Let $a_{2n-1}=-1/\sqrt{n}$ for $n=1,2,\dots$ Show that $\prod (1+a_n)$ converges but that $\sum a_n$ diverges.

Question

Let $a_{2n-1}=-1/\sqrt{n}$, $a_{2n}=1/\sqrt{n}+1/n$ for $n=1,2,\dots$ Show that $\prod (1+a_n)$ converges but that $\sum a_n$ diverges.

What I have found so far is that $\prod_{k=2}^{2n} a_n$=$3(1-\frac{1}{2\sqrt{2}})\cdots (1-\frac{1}{n\sqrt{n}})$

and

$\prod_{k=2}^{2n+1} a_n$=$3(1-\frac{1}{2\sqrt{2}})\cdots (1-\frac{1}{n\sqrt{n}})(1-\frac{1}{\sqrt{n+1}})$

I'm considering using the theorem that if each $a_n \ge 0$, then the product $\prod(1-a_n)$ converges if and only if, the series $\sum a_n$ converges. So since $\sum \frac{1}{n\sqrt{n}}$ converges, I think the above product converges as well, but I can't use this theorem right now because of the odd partial products.
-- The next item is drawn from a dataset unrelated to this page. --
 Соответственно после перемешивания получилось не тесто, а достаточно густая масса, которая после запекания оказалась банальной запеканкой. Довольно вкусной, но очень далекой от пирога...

How can I resolve this problem? Also, I can clearly see that $\sum a_n$ diverges, but how can I prove this rigorously?

I would greatly appreciate some help.

Answer 1

It seems the following.

Also, I can clearly see that $\sum a_n$ diverges, but how can I prove this rigorously?

Assume that $\sum a_n$ converges to a number $A$. Then $\sum_{n=1}^{2m} a_n$ converges to $A$ too, but $\sum_{n=1}^{2m} a_n$ tends to $+\infty$.
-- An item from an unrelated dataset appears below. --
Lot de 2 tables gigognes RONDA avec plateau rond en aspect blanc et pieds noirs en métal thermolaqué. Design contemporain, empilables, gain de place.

I'm considering using the theorem that if each $a_n \ge 0$, then the product $\prod(1-a_n)$ converges if and only if, the series $\sum a_n$ converges. So since $\sum \frac{1}{n\sqrt{n}}$ converges, I think the above product converges as well, but I can't use this theorem right now because of the odd partial products. How can I resolve this problem?

So we have that the sequence $b_n=\prod_{k=2}^{2n} (1+a_n)$ converges to a number $A$. Then a sequence $\prod_{k=2}^{2n+1} (1+a_n)=b_n (1-\frac{1}{\sqrt{n+1}})$ converges to $A$ too, so the product $\prod_{k=2}^\infty (1+a_n)$ converges to $A$ too.

Answer 2

Taking your definition at face value, the first terms in your infinite sum are $$\sum_{n=1}^{\infty}a_{n} = \frac{-1}{\sqrt{1}} + \frac{1}{\sqrt{1}} + \frac{1}{1} + \frac{-1}{\sqrt{2}} + \frac{1}{\sqrt{2}} + \frac{1}{2} + \cdots,$$ which leads to the conclusion that your infinite sum is just the harmonic series, which diverges by the integral test.

As $a_{1}=-1$ it is clear that $$\prod_{n=1}^{\infty}(1+a_{n})=0.$$ If we consider instead $$L=\prod_{n=3}^{\infty}(1+a_{n}) = \prod_{k=2}^{\infty}\left(1-\frac{1}{\sqrt{k}}\right)\left(1+\frac{1}{\sqrt{k}}+\frac{1}{k}\right) = \prod_{k=2}^{\infty}\left(1-\frac{1}{k^{3/2}}\right)$$ we can look at $$\ln(L) = \sum_{k=2}^{\infty}\ln\left(1-\frac{1}{k^{3/2}}\right),$$ which is a sum consisting entirely of negative terms. As the terms do not alternate in sign we can use a limit comparison test against $$\sum_{k=2}^{\infty}\frac{1}{k^{3/2}}$$ to show that the infinite sum, and hence the infinite product it came from, converges.